__The task__
Without any images, write the listing below out word for word.

__Source data__
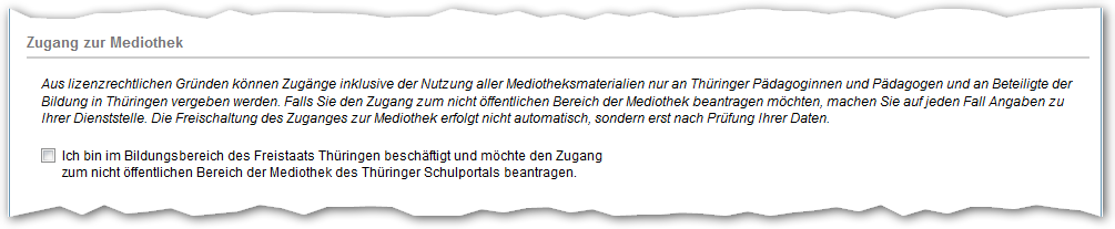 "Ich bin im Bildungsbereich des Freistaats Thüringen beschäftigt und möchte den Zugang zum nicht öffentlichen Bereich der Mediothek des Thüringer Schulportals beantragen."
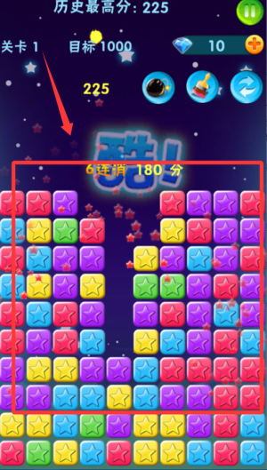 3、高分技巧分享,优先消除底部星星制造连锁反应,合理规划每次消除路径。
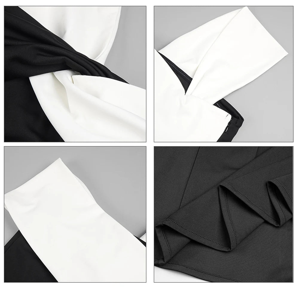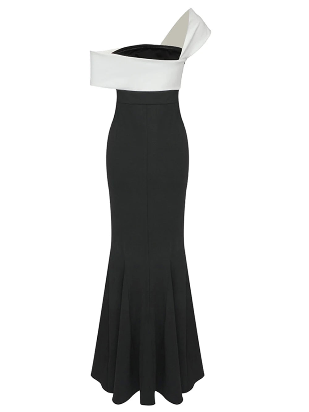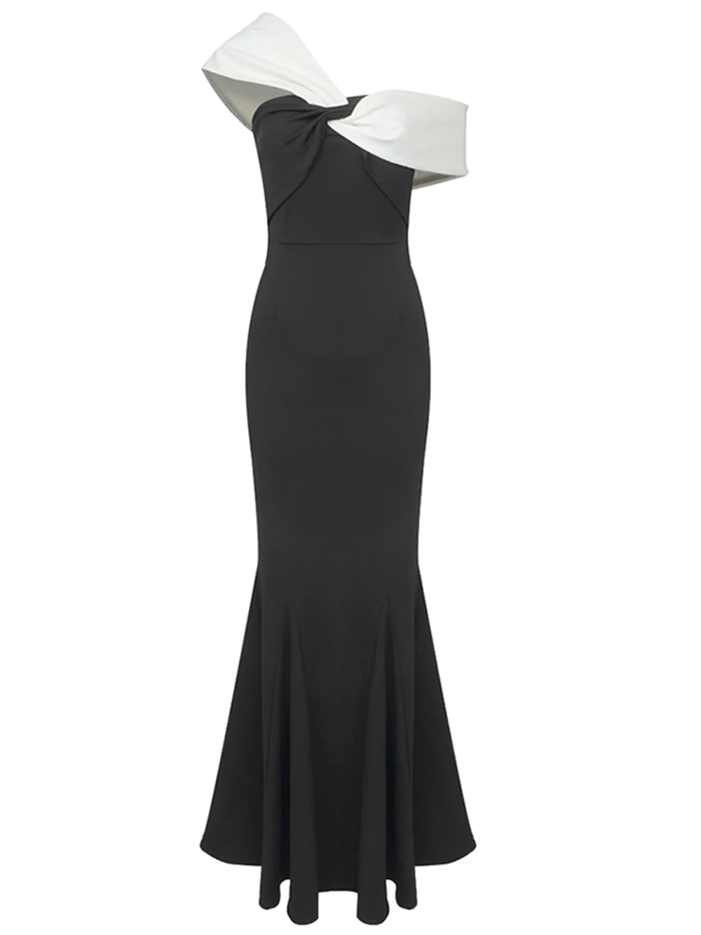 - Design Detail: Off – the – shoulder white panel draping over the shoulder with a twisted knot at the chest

__Answer for the task__
 "Ich bin im Bildungsbereich des Freistaats Thüringen beschäftigt und möchte den Zugang zum nicht öffentlichen Bereich der Mediothek des Thüringer Schulportals beantragen."
 3、高分技巧分享,优先消除底部星星制造连锁反应,合理规划每次消除路径。
 - Design Detail: Off – the – shoulder white panel draping over the shoulder with a twisted knot at the chest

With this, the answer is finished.